Toddlers are going through so many developmental changes, almost daily, this can be really challenging. This is a time where we have to continue to remind ourselves how brilliant this stage is and push to enjoy it as these times really are fleeting. You will notice that your toddler is likely to be soaking up knowledge like a sponge, constantly seeking new experiences and insights. This stage offers a chance for parents to embrace their child's thirst for knowledge, fostering their love for learning through play, discovery, and engaging activities. It's an incredible time to witness their awe and wonder as they learn about the world and how it works. Where possible, try to slow down, breath and enjoy these moments.


My toddlers emotions are just sooooo big!

Yeah I know, big emotions are a really huge part of toddlerhood. While emotional outbursts can occur, the good news is that they are generally happening for a reason. Toddlers face a genuine struggle to communicate and the ability to regulate their own emotions. This stage can feel like forever, take some time to just be with them and validate their feelings when things don't go to plan, this is the best way for children to learn positive strategies. This stage provides us with an opportunity to guide our children in understanding and managing their feelings, teaching empathy, and nurturing emotional development. Just remember to keep taking those big breaths, this is not going to be easy!

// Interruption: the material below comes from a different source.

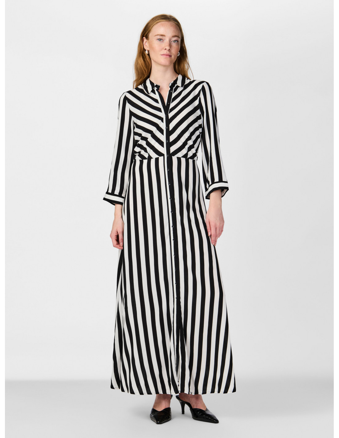 Lång skjortklänning med insvängd midja och 3/4 ärm. Liten i storlek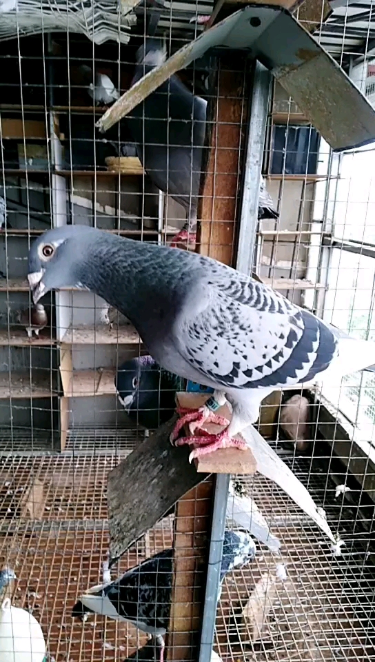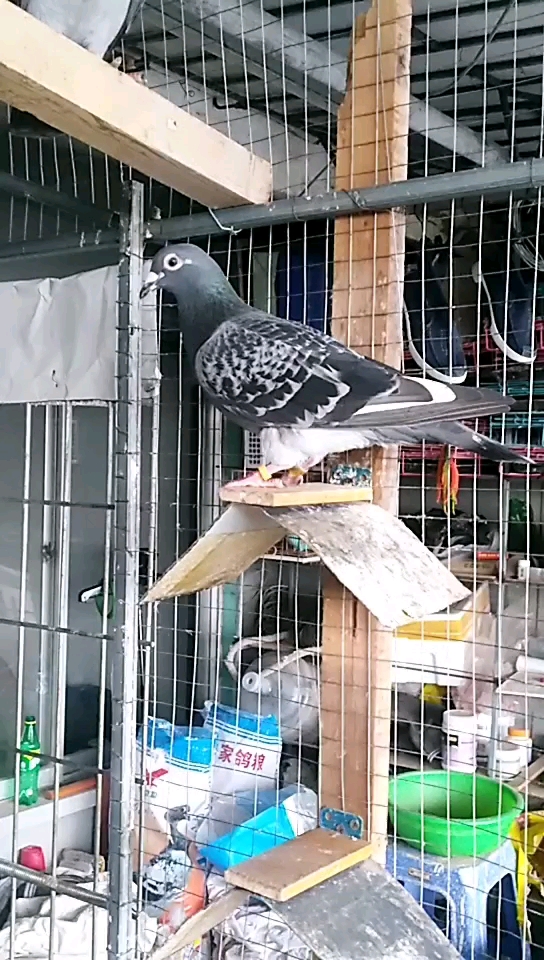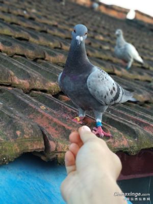 马利鸽友送来一只鸽子,不爱飞,老是落,他怕影响他的大群家飞质量,送给我,进地网下面捡粮食免得浪费鸽粮。等秋赛完了再还给他。

Milestones, achievements and regressions

However you look at it, and whatever wording resonates with you, what we know is this, the developmental changes that are occurring in such a short time frame are quite incredible! It was only this afternoon a neighbour commented that my son had changed so much, he has only know my son for 8 weeks! What other age could this be said about other than these first 2 years of life. From taking their first steps to mastering self-feeding, transitioning to a bed and toilet training, toddlers are making huge developmental leaps . Another reminder that these moments are truly accomplishments, celebrating them can boost children's self-esteem and reinforce their sense of capability, fostering a positive mindset and setting the stage for future growth.


So are the terrible two really so terrible?

While by no means am I staying it will be a walk in the park, this stage may present some big challenges, some parents will find it harder than others as we all have varying temperaments so this time will be different for all of us. By reframing our perspective, we can uncover the joy, growth, and wonder within this phase. Embracing the toddler years as a time of blossoming independence, rapid language development, curiosity, emotional growth, and exciting milestones can transform our experience as "toddler parents". Let's celebrate this incredible journey, take deep breaths, drop the f**k bomb from time to time, drink a little more wine if needed, or certainly have more than one coffee in the morning. Work towards cherishing the magical moments that make the toddler stage a truly remarkable and rewarding time in our children's lives.

And finally, although this may sound totally cliché, I think the "terrible twos" are actually more like the "terrific twos" (like what we did there?, its called manifesting!)